What to work on:
Where the records contain images, omit them, and repeat everything else word for word.

The data:
*-*-*

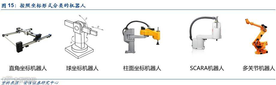 按照坐标形式分类,可以将机器人分成直角坐标型、圆柱坐标型、球坐标型和关节型四类。直角坐标型的臂部可沿三个直角坐标移动;圆柱坐标型的臂部可以完成升降、回转和伸缩动作,具有一个旋转轴和两个平移轴;球坐标型的臂部能回转、俯仰和伸缩,具有两个旋转轴和一个平移轴;关节型的臂部有多个转动关节,其中又可以细分为平面关节和多关节机器人,通常由大小两臂和立柱等机构组成,大小臂之间用铰链连接形成肘关节。
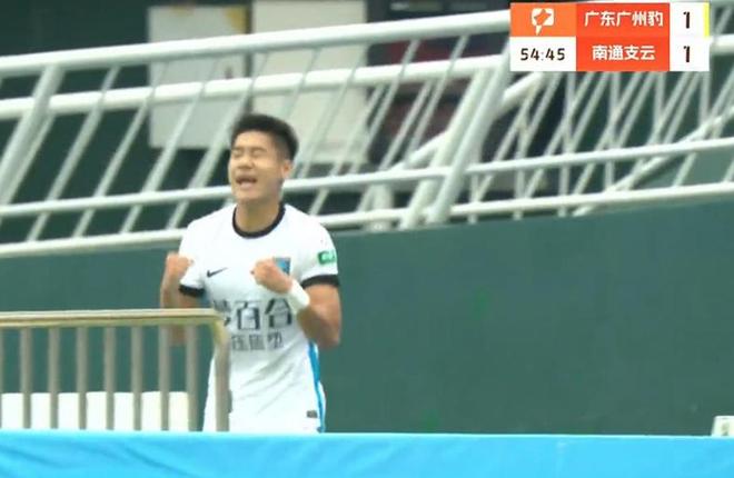 第55分钟,叶道驰低射得分,为南通支云迅速扳平,1-1!
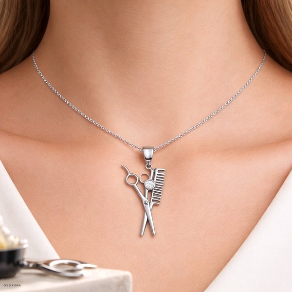 Ezüst fésű-olló medál - 09149-7
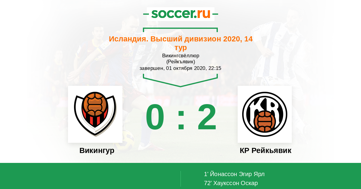 Протокол матча Викингур против КР Рейкьявик
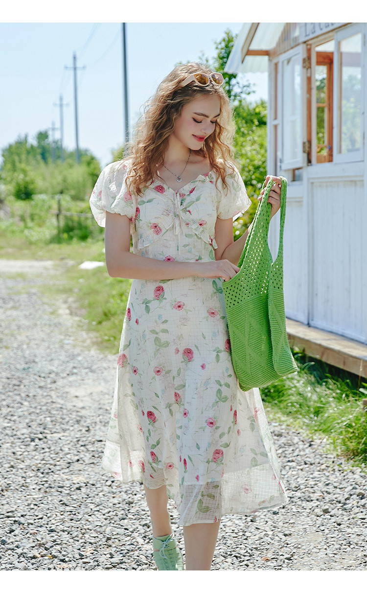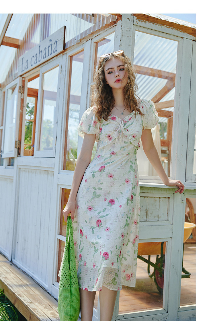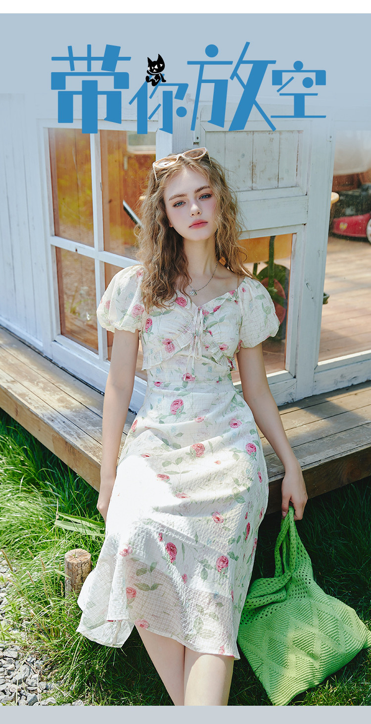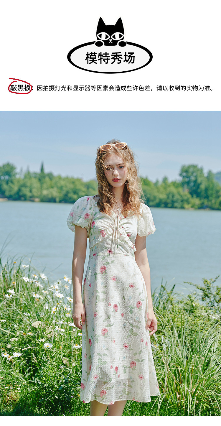 商品名称:V领小清新泡泡袖系带设计感连衣裙夏季休闲气质碎花裙 256093

*-*-*

Expected answer:
 按照坐标形式分类,可以将机器人分成直角坐标型、圆柱坐标型、球坐标型和关节型四类。直角坐标型的臂部可沿三个直角坐标移动;圆柱坐标型的臂部可以完成升降、回转和伸缩动作,具有一个旋转轴和两个平移轴;球坐标型的臂部能回转、俯仰和伸缩,具有两个旋转轴和一个平移轴;关节型的臂部有多个转动关节,其中又可以细分为平面关节和多关节机器人,通常由大小两臂和立柱等机构组成,大小臂之间用铰链连接形成肘关节。
 第55分钟,叶道驰低射得分,为南通支云迅速扳平,1-1!
 Ezüst fésű-olló medál - 09149-7
 Протокол матча Викингур против КР Рейкьявик
 商品名称:V领小清新泡泡袖系带设计感连衣裙夏季休闲气质碎花裙 256093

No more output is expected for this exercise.